Le mystère du crâne percé d’Otrante résolu


Ceux à qui ont appartenus ces crânes ont eu une mort tragique, mais un d’entre-eux à servi en pharmacologie pour soigner, croyait-on, certaines maladies du cerveau
Nuage

 

Le mystère du crâne percé d’Otrante résolu

 

crâne percé Otrante

Crédits : Gino Fornaciari/Université de Pise

Par Julie Aram

Un crâne percé de 16 trous réguliers, vieux de plus de 500 ans, suscite depuis longtemps la curiosité des historiens. Des chercheurs italiens viennent de résoudre l’origine de ces mystérieux trous.

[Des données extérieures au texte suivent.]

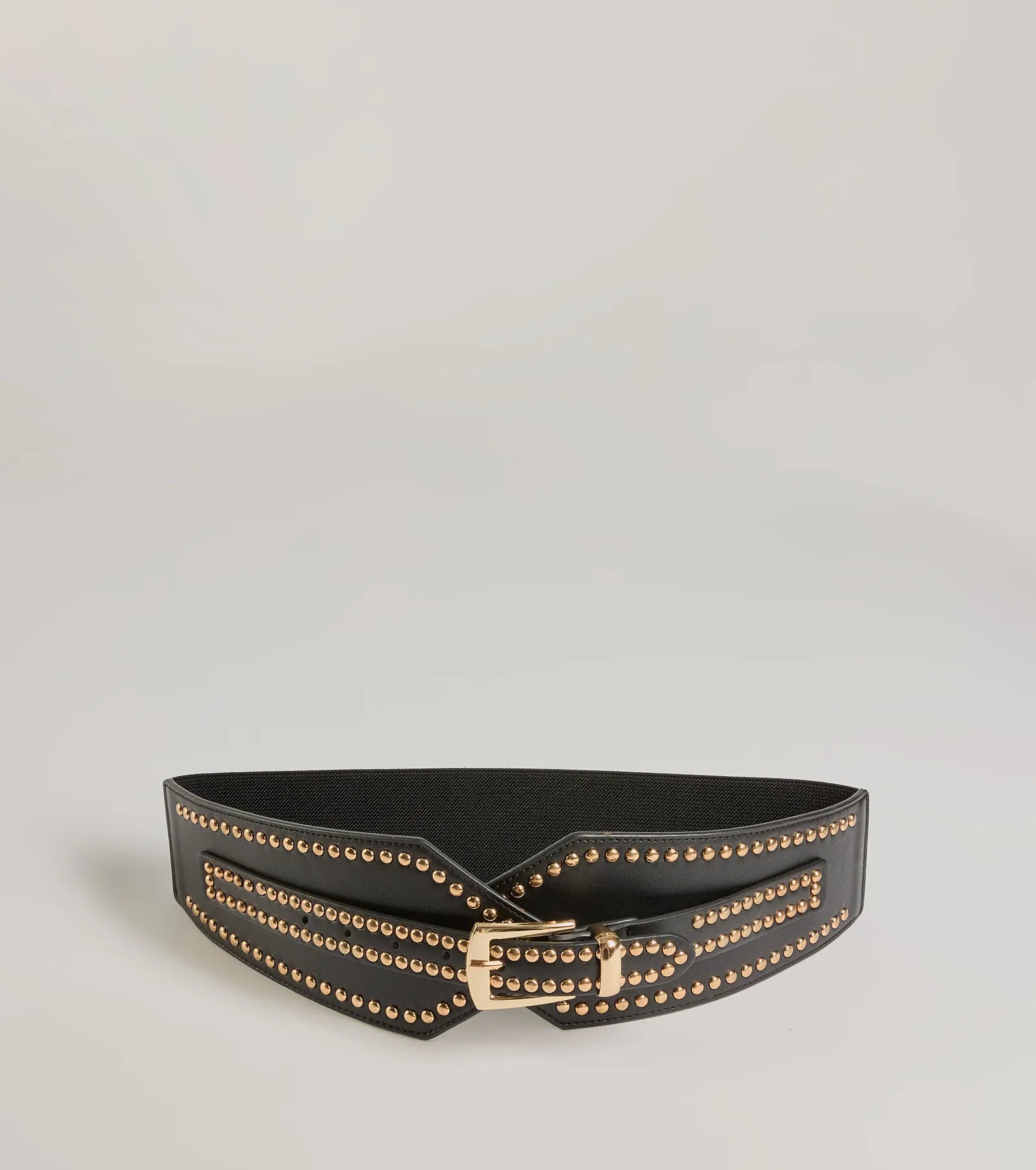 A faux leather studded stretchy belt that adds a rebel edge to your outfit. Pair with a sleeveless halter dress.
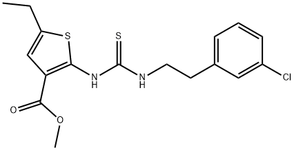 - Synonyms: methyl 2-(3-(3-chlorophenethyl)thioureido)-5-ethylthiophene-3-carboxylate 3-Thiophenecarboxylic acid, 2-[[[[2-(3-chlorophenyl)ethyl]amino]thioxomethyl]amino]-5-ethyl-, methyl ester
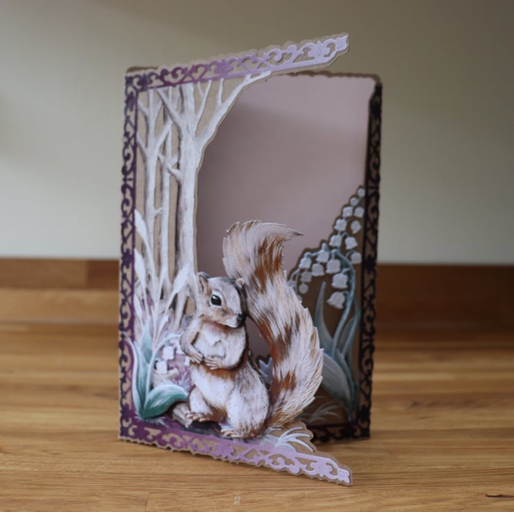 This card base is Kraft card (best quality) with a woodland scene full of decoupage flowers and going for a walk in the middle of the woods is Mr Squirrel with his big bushy tail.
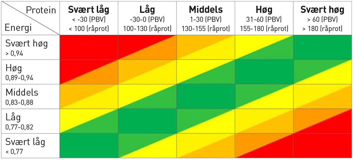 En balansert sammensetning av energi og protein er ønskelig. Er det for mye protein i forhold til energi, må kua bruke energi på å kvitte seg med overflødig protein. Er det lite protein i forhold til energi, er det et tegn på at plantene ikke har fått nok nitrogen for å oppnå avlingspotensialet sitt. Grønt felt viser gunstig verdi av protein ved en gitt energiverdi. Illustrasjon: Oddbjørn Kval-Engstad
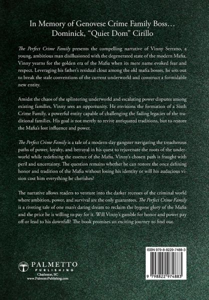Meet Vinny Serrano: Young Visionary Aiming to Resurrect Mafia Glory through a Bold New Syndicate. Navigating Power, Loyalty, Betrayal, Can He Succeed Without Losing Himself? In The Perfect Crime Family, we delve into the life of Vinny Serrano, a young man disillusioned by the current state of the Mafia. Recognizing the dwindling influence and disunity of the modern syndicates, Vinny is driven by a relentless ambition to restore the power and prestige of the crime world. He yearns for the glory days of the old Mafia, a time when their name alone commanded respect and fear. Using his father's lingering reputation among the old guard, Vinny is determined to shatter the tired norms of the present-day underworld and build something entirely new and formidable. As the underworld shifts and splinters, power struggles escalate among the existing families. Vinny, however, sees this chaos as an opportunity. His daring vision is the creation of a Sixth Crime Family, a force potent enough to challenge the waning legacies of the traditional families. His aim is not just to revive old traditions but to resurrect the Mafia's former power and influence. The Perfect Crime Family is a story of a modern-day gangster trying to navigate the treacherous waters of power, loyalty, and betrayal. It's about Vinny's journey to bring the underworld back to its roots while also attempting to redefine what it means to be a Mafia in the present day. The path he has chosen is laden with danger and uncertainty. Can Vinny restore the honor and tradition that once defined the Mafia without losing himself in the process? Or will his vision cost him everything he holds dear? In this thrilling narrative, readers will explore the darker corners of the criminal world, where ambition, power, and survival are the only constants. The Perfect Crime Family is a gripping tale of one man's audacious dream to reclaim the Mafia's past glory and the price he's willing to pay for it. Is Vinny ready to gamble everything for honor and power, or will his vision lead to his downfall? Dive in to find out.
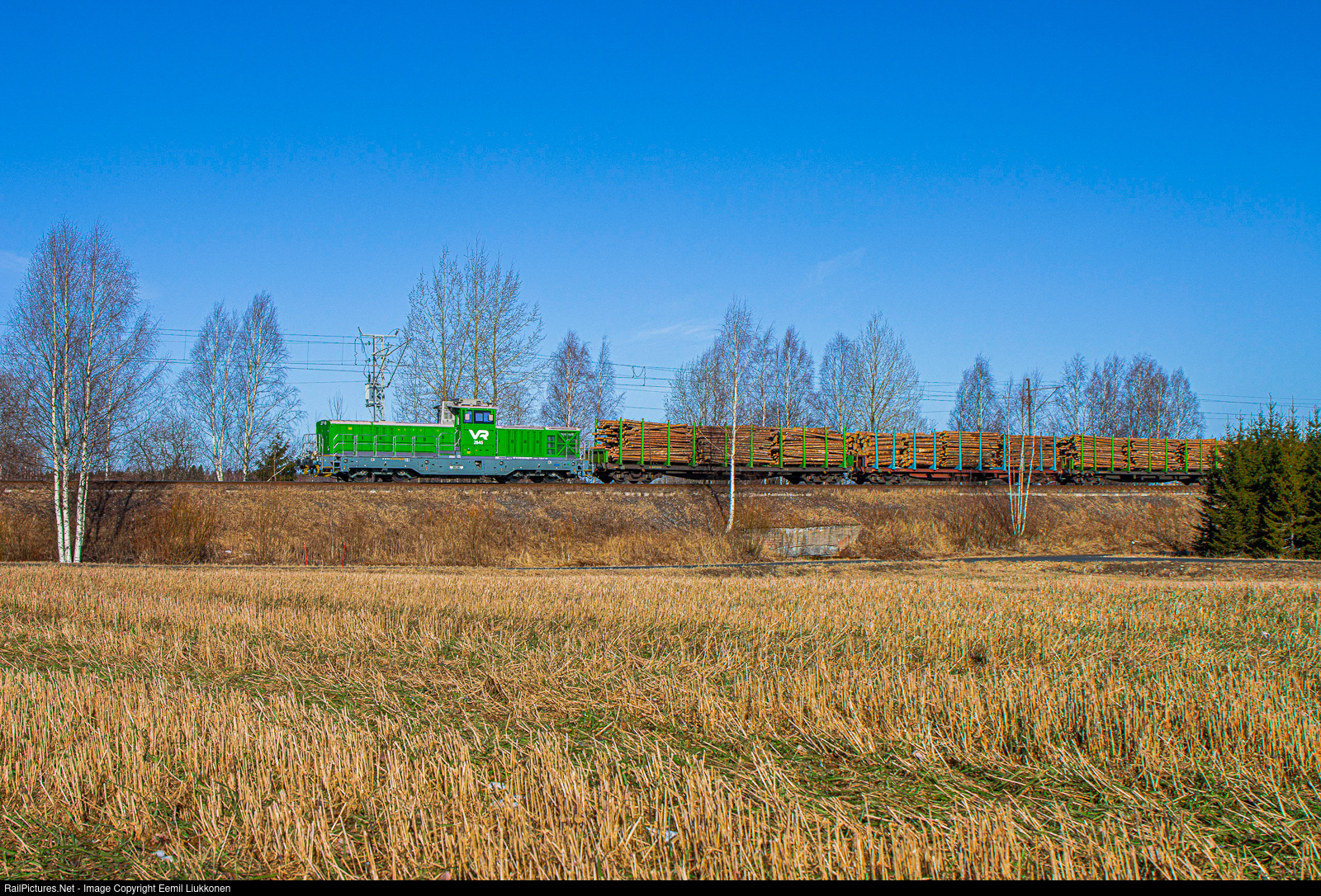 | A bright spring day shines over the small town Siilinjärvi, where the introduction of class Dr19 diesel locomotive has been evident recently. Here the number 2845 is just arriving to Siilinjärvi after fetching a full load of timber from Sänkimäki which are meant to be delivered to Pieksämäki for the upcoming afternoon. |
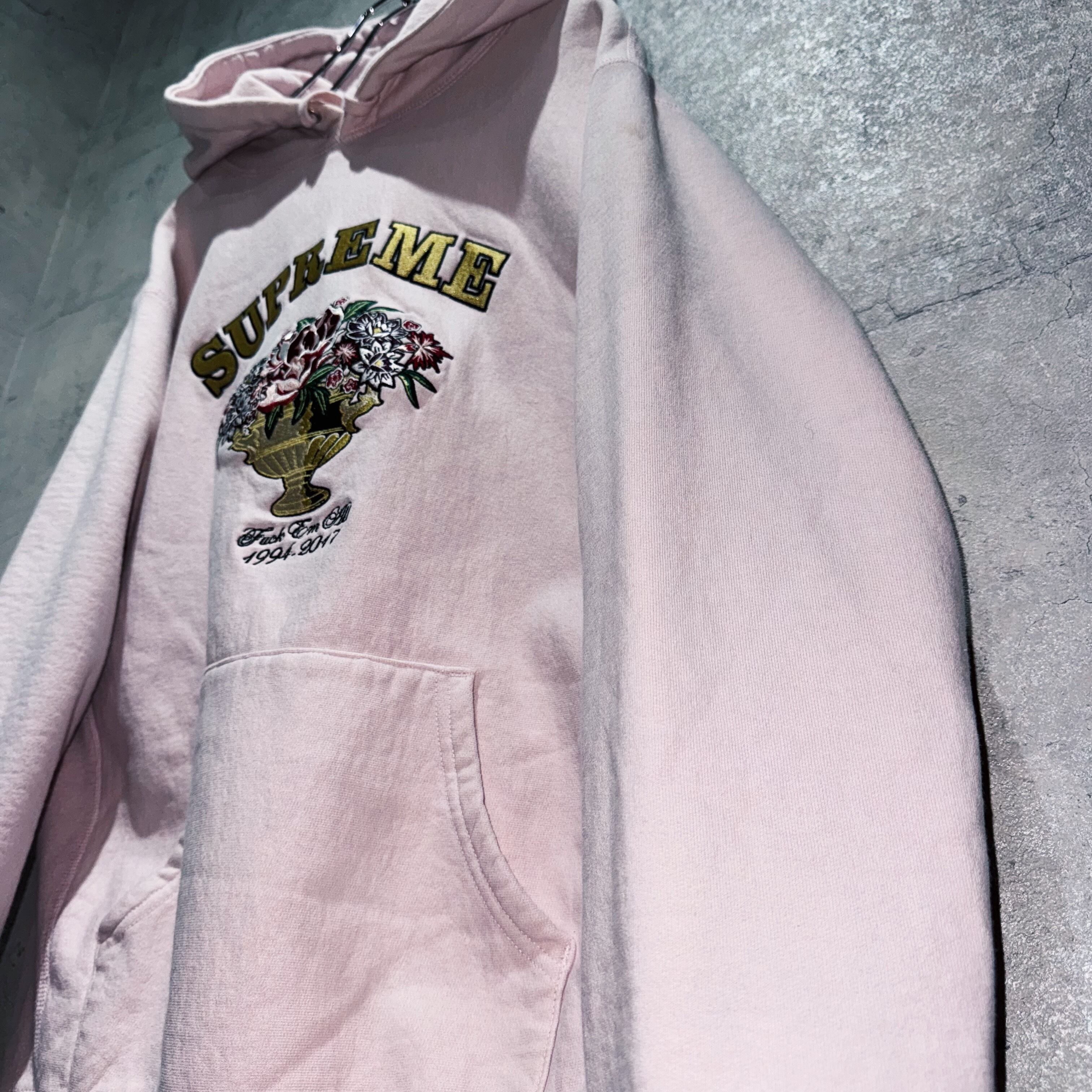 17秋冬"シュプリーム"フラワーエンブロイダリーデザインプルオーバーフーディー

Un crâne datant du 15e siècle, appartenant à l’un des martyrs d’Otrante, suscite depuis longtemps la curiosité des historiens, en raison des 16 trous réguliers qui y ont été percés. Un mystère que des chercheurs de l’Université de Pise viennent de résoudre : ces trous ont été percés après la mort, afin d’en prélever de la poudre, à des fins d’utilisation médicinales.

Mais pour comprendre le contexte de ces travaux, il nous faut faire un peu d’histoire. Le 28 juillet 1480, une armée turque de 18 000 soldats, menée par Gedik Ahmed Pacha, se présente sous les murs de la petite ville italienne d’Otrante, forte de 6 000 habitants. Quelques jours plus tard, les soldats turcs prennent la ville, tuent une grande partie de ses hommes, et réduisent femmes et enfants en esclavage. Quelques centaines de survivants se réfugient dans la cathédrale, et commencent à prier. Assiégés par les soldats turcs, il leur est demandé de renier leur fois chrétienne. Devant leur refus, 813 d’entre eux sont décapités un à un, sur le col de la Minerva.

Un an plus tard, la ville est reprise par les forces de la couronne d’Aragon. Les corps des suppliciés sont retrouvés, et transférés dans la cathédrale d’Otrante.

Ces 813 martyrs d’Otrante sont aujourd’hui les saints patrons de la ville d’Otrante, et ont été canonisés le 12 mai 2013 par le pape François. Leurs crânes sont exposés dans la cathédrale d’Otrante, comme le montre la photo ci-dessous :

Crédits : Laurent Massoptier

Parmi ces crânes, l’un d’entre eux présente toutefois des caractéristiques surprenante : il est percé de 16 trous, parfaitement réguliers. Des trous dont l’origine n’avait jusqu’ici jamais été établie de façon certaine.

Or, des travaux menés par l’historien de la médecine Gino Fornaciari et ses collègues de l’Université de Pise (Italie) ont permis de révéler la raison de ces trous : ils auraient été percés bien après la mort de l’individu, afin d’en prélever une poudre destinée à des fins médicinales.

Comment ces chercheurs sont-ils parvenus à ce résultat ? Ils ont analysé les caractéristiques précises de ces trous, et ont pu établir qu’ils avaient été produits par un outil bien particulier : un trépan, spécialement conçu pour transformer l’os en poudre. Ce trépan était muni d’une lame en forme de demi-lune, une forme incapable de produire des disques d’os solides, mais uniquement de la poudre.

Quel était l’usage de cette poudre ? Elle servi d’ingrédient dans la confection de préparations pharmacologiques. Ainsi, le chimiste français Nicolas Lémery (1645-1715) indique dans son traité « La pharmacopée universelle » que la poudre issu d’un crâne humain était efficace dans le traitement de la paralysie, de l’épilepsie, et d’autres pathologies du cerveau.

Ces travaux ont été publiés dans le Journal of Ethnopharmacology, sous le titre« Pulverized human skull in pharmacological preparations:Possible evidence from the martyrs of Otranto (southern Italy, 1480) ».